Material for the task:
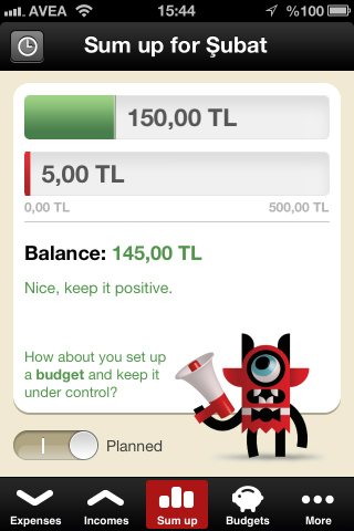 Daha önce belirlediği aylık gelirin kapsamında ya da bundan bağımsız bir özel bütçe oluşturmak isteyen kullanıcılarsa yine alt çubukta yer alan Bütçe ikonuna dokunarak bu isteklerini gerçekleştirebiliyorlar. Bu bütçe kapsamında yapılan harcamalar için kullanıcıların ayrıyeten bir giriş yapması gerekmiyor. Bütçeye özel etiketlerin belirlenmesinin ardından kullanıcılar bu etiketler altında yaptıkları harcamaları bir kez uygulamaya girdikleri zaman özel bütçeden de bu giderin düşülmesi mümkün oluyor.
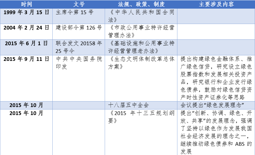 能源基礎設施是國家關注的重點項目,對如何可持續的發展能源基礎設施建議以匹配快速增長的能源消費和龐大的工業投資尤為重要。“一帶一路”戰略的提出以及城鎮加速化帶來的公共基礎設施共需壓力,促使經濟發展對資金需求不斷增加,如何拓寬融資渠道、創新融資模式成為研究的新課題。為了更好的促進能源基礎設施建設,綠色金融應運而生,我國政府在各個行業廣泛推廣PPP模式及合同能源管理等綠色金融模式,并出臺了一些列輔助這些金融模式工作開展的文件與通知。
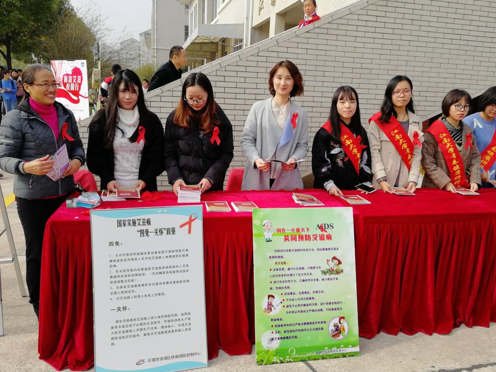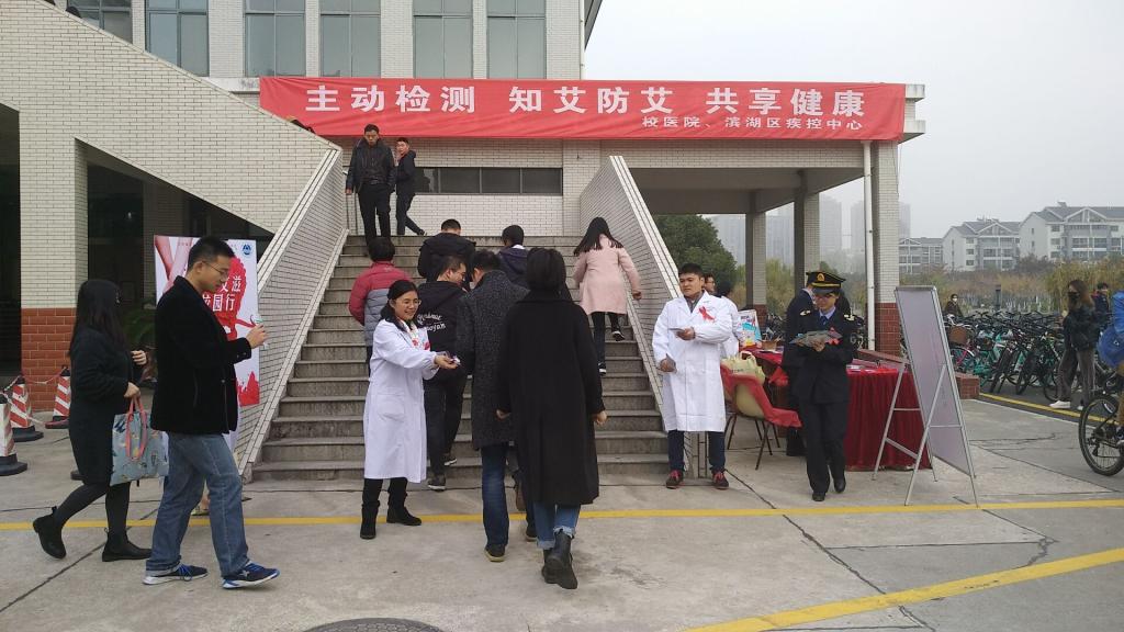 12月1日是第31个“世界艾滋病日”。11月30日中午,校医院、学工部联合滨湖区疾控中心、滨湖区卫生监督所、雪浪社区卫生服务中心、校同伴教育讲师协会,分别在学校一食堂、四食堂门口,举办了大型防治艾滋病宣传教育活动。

--

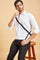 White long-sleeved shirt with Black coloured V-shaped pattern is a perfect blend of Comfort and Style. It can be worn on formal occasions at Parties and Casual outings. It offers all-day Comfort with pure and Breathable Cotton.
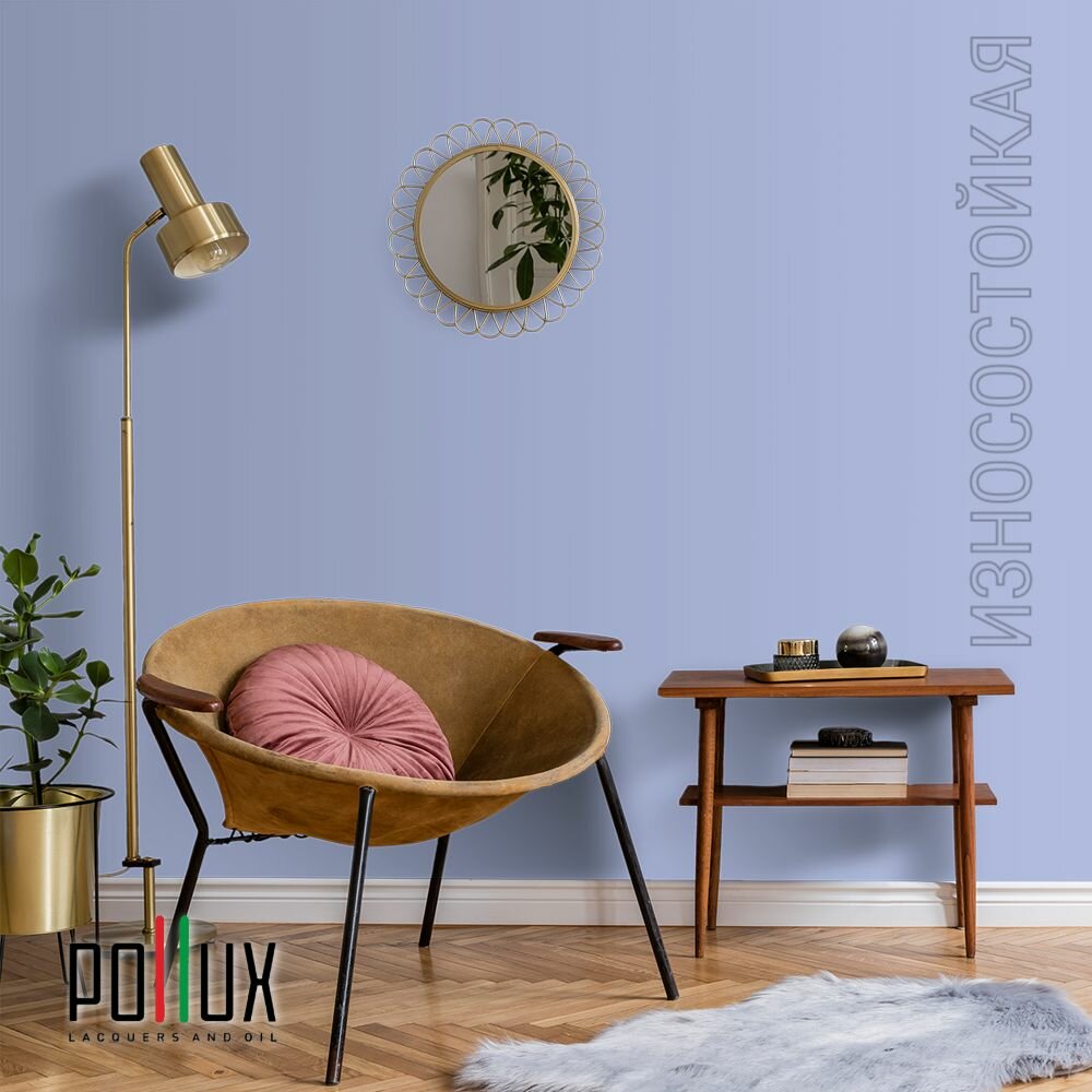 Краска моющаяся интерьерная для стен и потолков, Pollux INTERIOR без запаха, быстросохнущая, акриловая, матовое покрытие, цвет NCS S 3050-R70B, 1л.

Prompt: From the material above, output only the span of lines that starts at the one containing "White long-sleeved shirt" and finishes at the one containing "Краска моющаяся интерьерная", word for word and free of pictures.

Task solution:
 White long-sleeved shirt with Black coloured V-shaped pattern is a perfect blend of Comfort and Style. It can be worn on formal occasions at Parties and Casual outings. It offers all-day Comfort with pure and Breathable Cotton.
 Краска моющаяся интерьерная для стен и потолков, Pollux INTERIOR без запаха, быстросохнущая, акриловая, матовое покрытие, цвет NCS S 3050-R70B, 1л.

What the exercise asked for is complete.